Issue No.12 - December (2005 vol.17)
DOI Bookmark: http://doi.ieeecomputersociety.org/10.1109/TKDE.2005.201
We study the localization prediction of membrane proteins for two families of medically important disease-causing bacteria, called Gram-Negative and Gram-Positive bacteria. Each such bacterium has its cell surrounded by several layers of membranes. Identifying where proteins are located in a bacterial cell is of primary research interest for antibiotic and vaccine drug design. This problem has three requirements: First, with any subsequence of amino acid residues being potentially a dimension, it has an extremely high dimensionality, few being irrelevant. Second, the prediction of a target localization site must have a high precision in order to be useful to biologists, i.e., at least 90 percent or even 95 percent, while recall is as high as possible. Achieving such a precision is made harder by the fact that target sequences are often much fewer than background sequences. Third, the rationale of prediction should be understandable to biologists for taking actions.
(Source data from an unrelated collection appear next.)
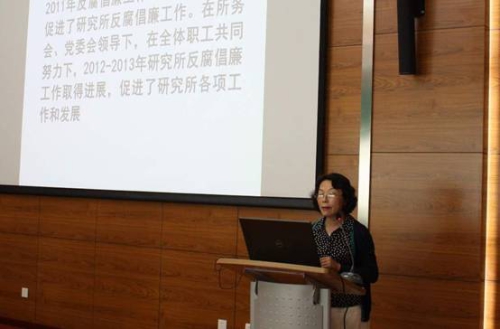 马扬介绍了院监审局、京区党委开展研究所反腐倡廉量化评价工作的意义、要求和具体部署;袁萍代表研究所党政领导班子汇报了研究所2012-2013年反腐倡廉工作情况,总结了两年来廉洁从业风险防控、内部审计监督、作风建设检查监督、惩防体系基础工作等方面的计划、部署、安排、落实情况以及取得的成效,并对全所职工参与、支持反腐倡廉工作表示了感谢。
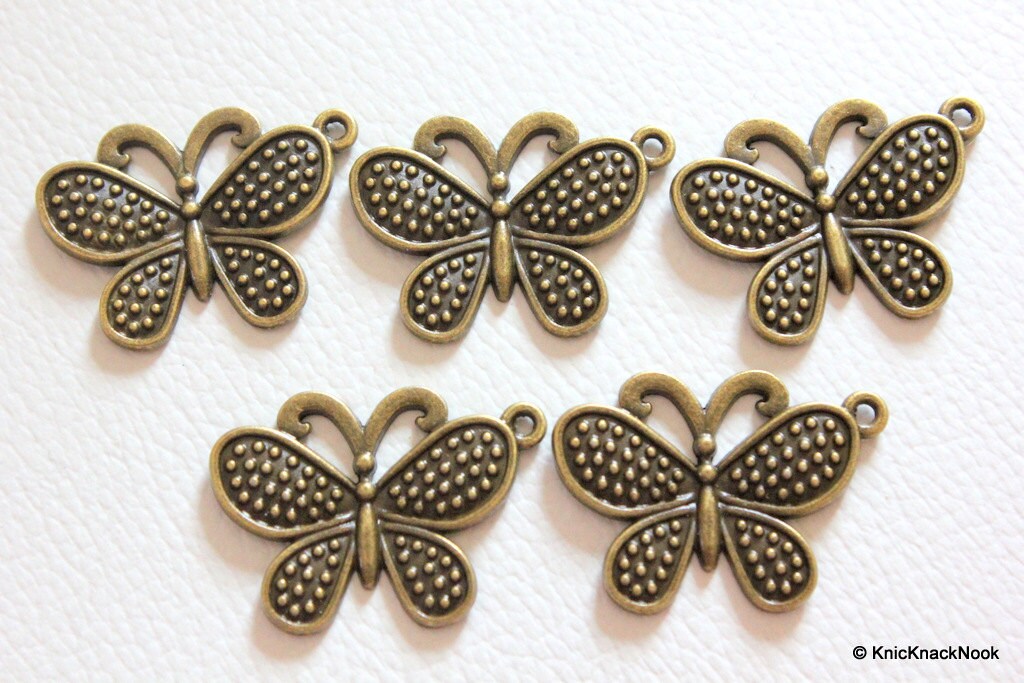 5 x Bronze Tone Butterfly Charm Spacer Pendants
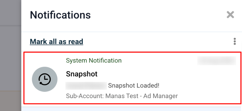 Sobald ein Snapshot erfolgreich in den gewünschten Sub-Account geladen wurde, wird eine Benachrichtigung unter dem Glocken-Symbol oben rechts in der Anwendung angezeigt, die bestätigt, dass das ausgewählte Snapshot-Asset erfolgreich kopiert wurde.
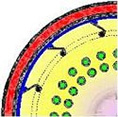 刮膜片型式為徑向滑動型,它由WFE-VA 刮膜蒸發器演變而來;刮片鑲嵌在轉子的U導槽內,當轉子旋轉是時刮片受離心力的作用從U導槽內徑向滑到加熱壁面。導槽均勻分布在轉子圓周(見圖1),轉子呈鼠籠型,在導槽之間設有動態汽液分離裝置,防止液滴的飛濺及夾帶。
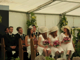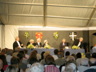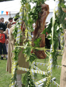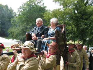 The claimants are tried in public by celebrity ‘barristers’ – one group as counsel for the defendants and the other for ’the bacon’. The counsels have included actors, MPs, radio presenters and the very popular Clare Rayner. Much embarrassing detail about the claimants’ marriage can usually be expected! The counsels for the claimants and for the Bacon. The jury consisting of 6 maidens and 6 bachelors, make the decision as to whether to award the flitch to the claimants based on the arguments presented by the learned counsel. The jury of maidens and bachelors. The successful claimants are carried in the ceremonial chair (now replaced with a modern replica) from the trial tent to the Market Place where the oath is taken in front of the judge, jury and assembled public. The sentence is then passed on the couple. The successful coupleare carried to the oath-taking ceremony The oath-taking ceremony outside the Starr Restaurant Several couples are tried each year and the trials are spread out over a whole day – one in the morning and two in the evening. The winning couples are presented with a flitch of bacon, and the unsuccessful claimants are awarded a gammon. The Flitch as awarded to the successful claimants.
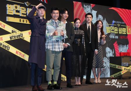 8일 오전 서울 강남구 CGV압구정에서 열린 넷플릭스 오리지널 시리즈 ‘범인은 바로 너 시즌2’ 제작발표회에 참석해 출연진이 포즈를 취하고 있다. 왼쪽부터 유재석, 김종민, 이승기, 박민영, 세훈, 세정.
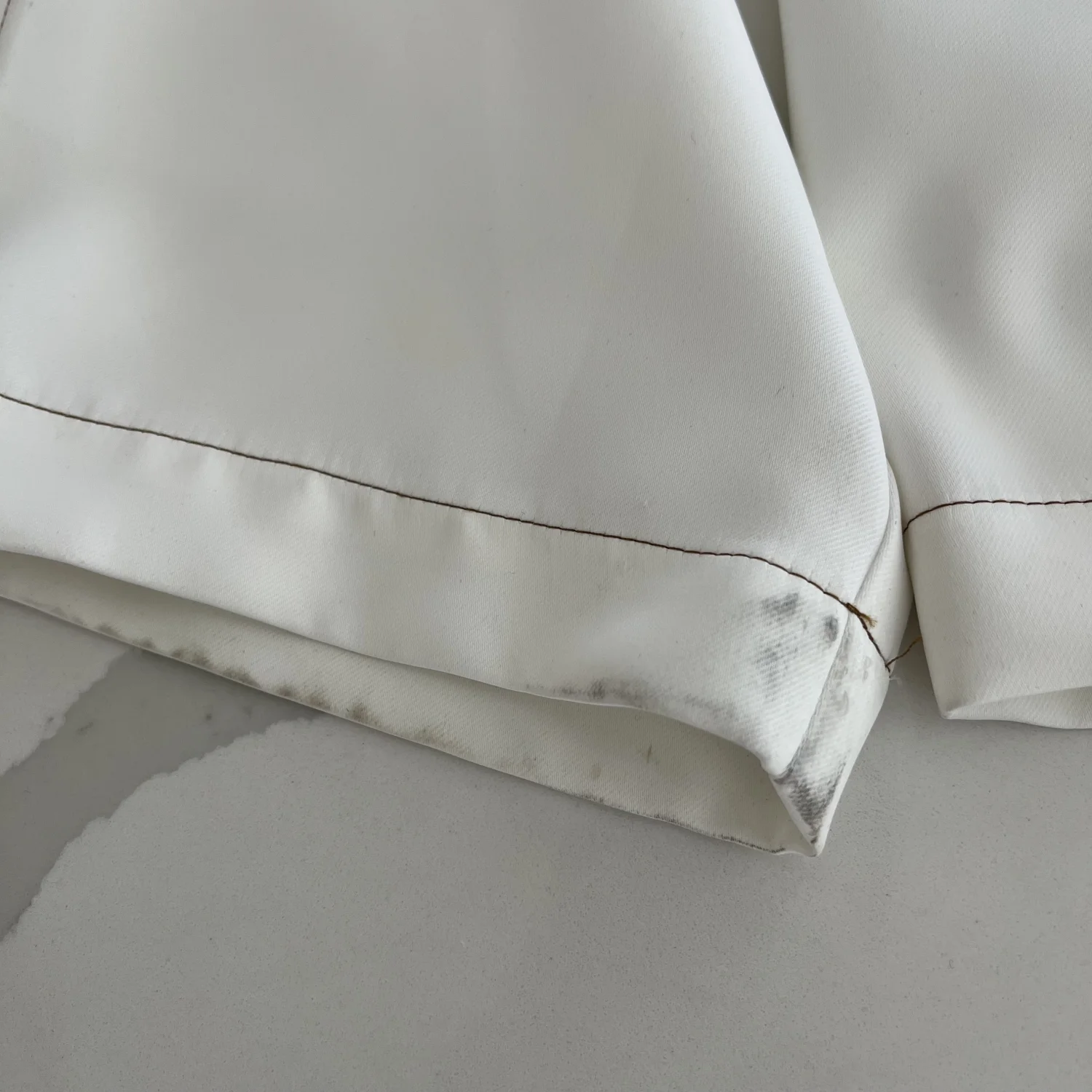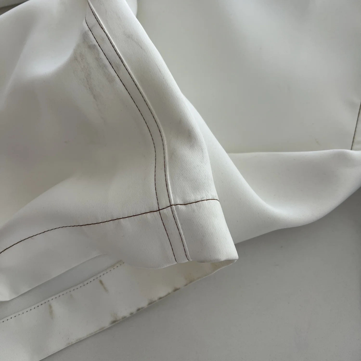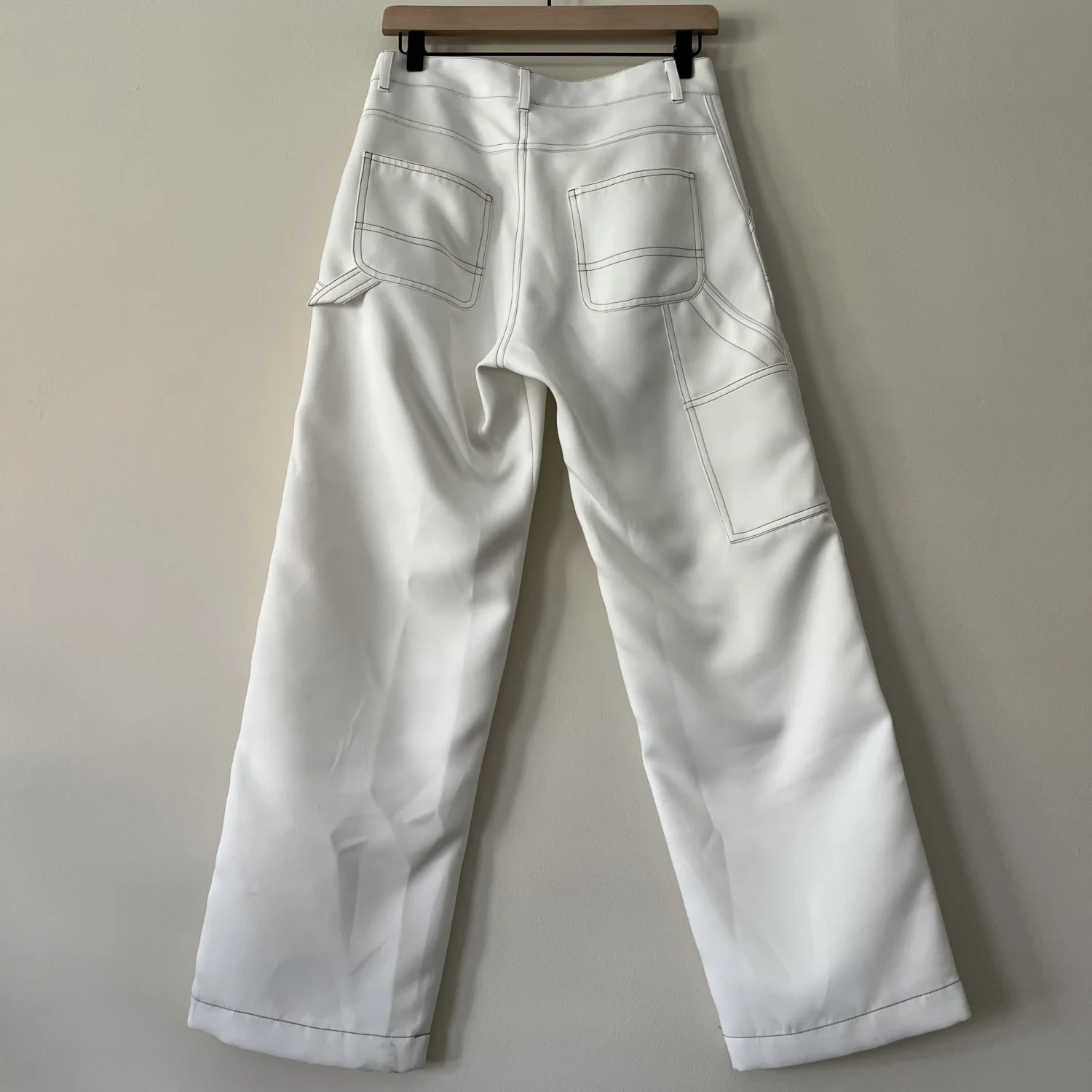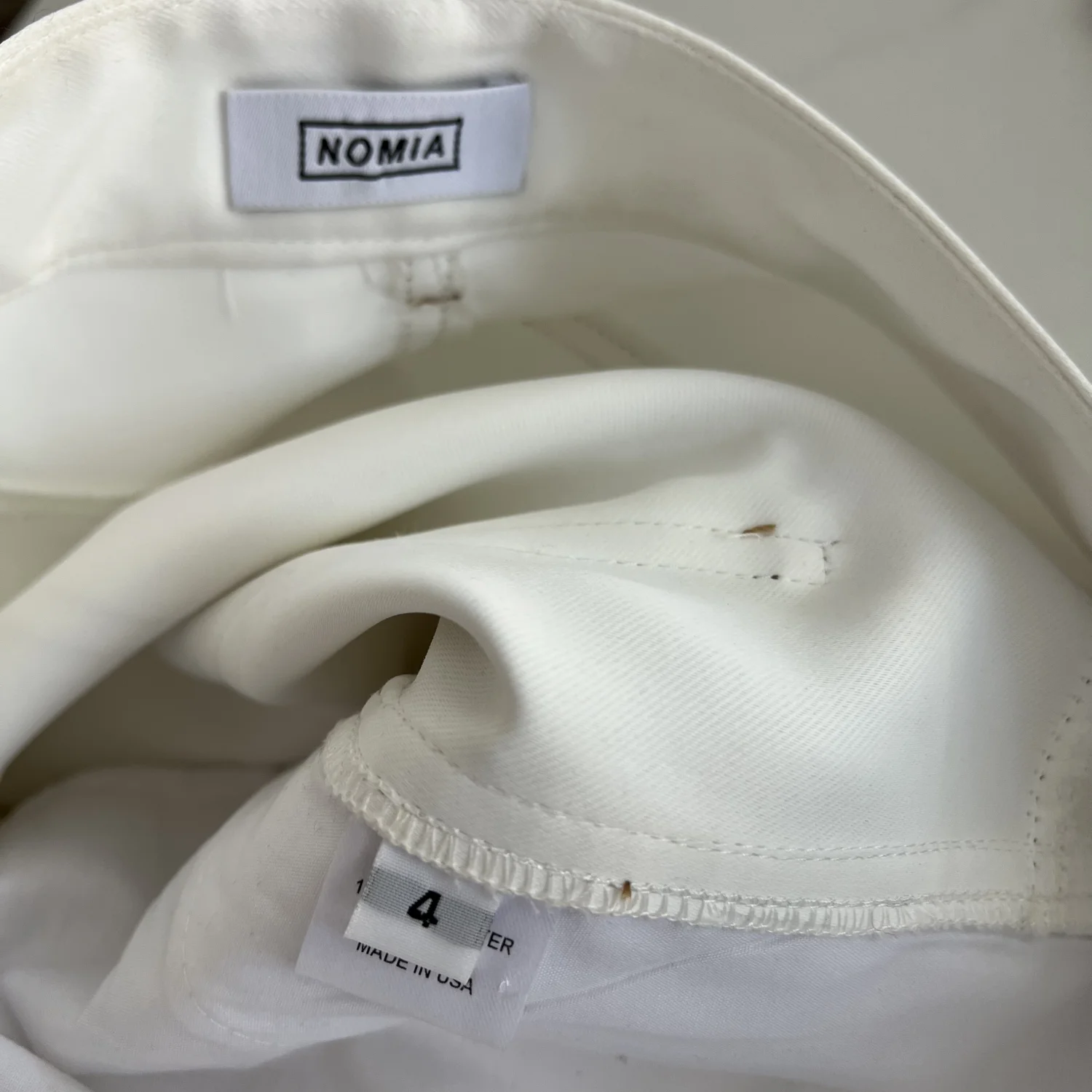 Size 4. Nomia Painter Pants. 100% Polyester. Made in USA. Note the discoloration throughout.

Meeting all these requirements presents a significant challenge in that a high dimensionality requires a complex model that is often hard to understand. The support vector machine (SVM) model has an outstanding performance in a high-dimensional space, therefore, it addresses the first two requirements. However, the SVM model involves many features in a single kernel function, therefore, it does not address the third requirement. We address all three requirements by integrating the SVM model with a rule-based model, where the understandable if-then rules capture "major structures” and the elaborated SVM model captures "subtle structures.” Importantly, the integrated model preserves the precision/recall performance of SVM and, at the same time, exposes major structures in a form understandable to the human user. We focus on searching for high quality rules and partitioning the prediction between rules and SVM so as to achieve these properties. We evaluate our method on several membrane localization problems. The purpose of this paper is not improving the precision/recall of SVM, but is manifesting the rationale of a SVM classifier through partitioning the classification between if-then rules and the SVM classifier and preserving the precision/recall of SVM.
Index Terms- Bioinformatics (genome or protein) databases, clustering, classification, and association rules.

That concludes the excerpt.